Naturally, he was asked about a certain lawsuit:

But the senator became abruptly and uncharacteristically reticent when, at the end of the news conference, which had been called to discuss the city’s appeal of its census count, a reporter asked him about the most high-profile cycling issue in the city: the bike path along Prospect Park West, the elegant Brooklyn avenue where he resides.

“I am not commenting,” he said, at first politely and then more emphatically: “I am not commenting.”

I used to mountain bike and there was a great rule I followed to avoid accidents: if I didn’t want to hit the tree stump up ahead, I didn’t look at the tree stump — I looked at the trail.  Schumer, with his blatant attempt to prove his cycling bona fides, made everyone at the press conference look at the tree stump.

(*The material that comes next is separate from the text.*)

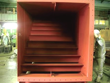角型、丸型、角丸型、直管、エルボ・ホッパー・S 管等の異型管、溶接グレード、塗装等、あらゆる形状・仕様にお応え出来る製品作りを目指しています。また、耐圧・漏洩、PT・UT 等の各種検査や検査成績表作成にもお応えします。比較的薄板の鋼板ダクトには、歪の問題が常にありますが、永年のノウハウで、この歪を最小限に抑えます。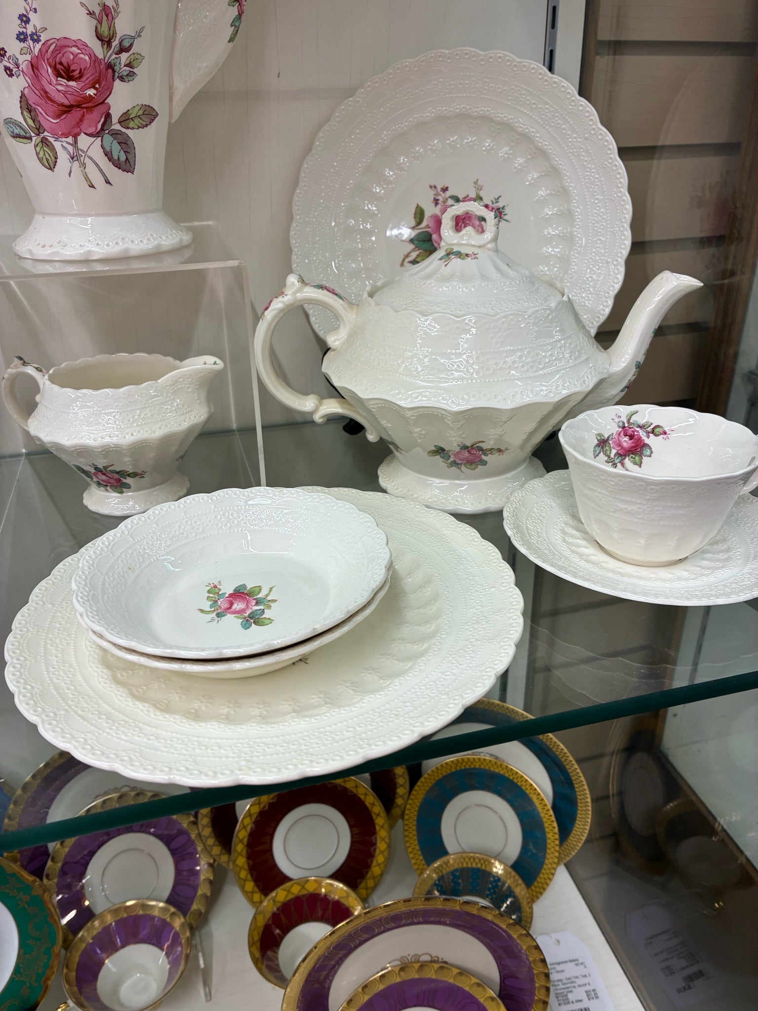 15pc Copeland Spode Billingsley Rose tea/coffee service - coffee pot, teapot, creamer, sugar, 2 tea cups, 2 saucers, 2 luncheon plates, 2 fruit bowls

Ashley Parker, the Times reporter writes, “the groups that filed the suit have close ties to Iris Weinshall, Mr. Schumer’s wife and the city’s transportation commissioner until 2007.”  But let’s be clear: Chuck Schumer’s wife, Iris Weinshall, doesn’t merely have close ties to these groups.  Weinshall, by any reasonable measure, belongs to Neighbors for Better Bike Lanes.

Here’s how she, Norman Steisel, and Louise Hainline were identified by the Times in their letter to the editor dated December 17, 2010.

The writers are members of Neighbors for Better Bike Lanes. Ms. Hainline is its president. Mr. Steisel is a former deputy mayor and sanitation commissioner of New York City, and Ms. Weinshall is a former transportation commissioner.

Emphasis mine.  The Times has not issued a correction.

Neighbors for Tin Foil Hats

March 26, 2011

Here’s Norman Steisel, quoted by Allysia Finley in today’s Wall Street Journal.

The bike advocates “are the ones who have influence,” Mr. Steisel, the former deputy mayor, tells me. “The principal [bicycle advocates] from Transportation Alternatives and Streetsblog live in Park Slope” and the Bloomberg administration wants “these green groups to go out and burnish his credentials. It’s one thing to alienate community activists like us. It’s a different thing to alienate these two groups that have national influence, arguably international reach.”

Community activists = a former deputy mayor, a Brooklyn College dean, and a former DOT chief who’s married to a U.S. Senator.  Political insiders with “influence” = volunteers and employees of a non-profit advocacy group.

But don’t write Steisel’s comment off as complete paranoia.  Streetsblog is published on the Internet and the Internet is available all over the world, so one could conceivably argue that it has international reach.

Nap Time

March 26, 2011

Peter over at Inklake has a couple of great posts you should read.  He gave one of the last testimonies at the CB6 public hearing on March 10, and roused the sleepy crowd with some of the most salient points of the evening.

One is on the definition of pro bono and whether or not Jim Walden’s representation of NBBL fits the bill.  (Spoiler alert: it doesn’t.)  The other provides a great example of how Class II bike lanes are really double parking lanes for cars, as well as convenient places for nap.  Just put your own version of a nightcap on your car and — voila! — you’ve got yourself a great place to catch some z’s.  One person’s need to sleep should clearly trump everyone else’s need to get around safely.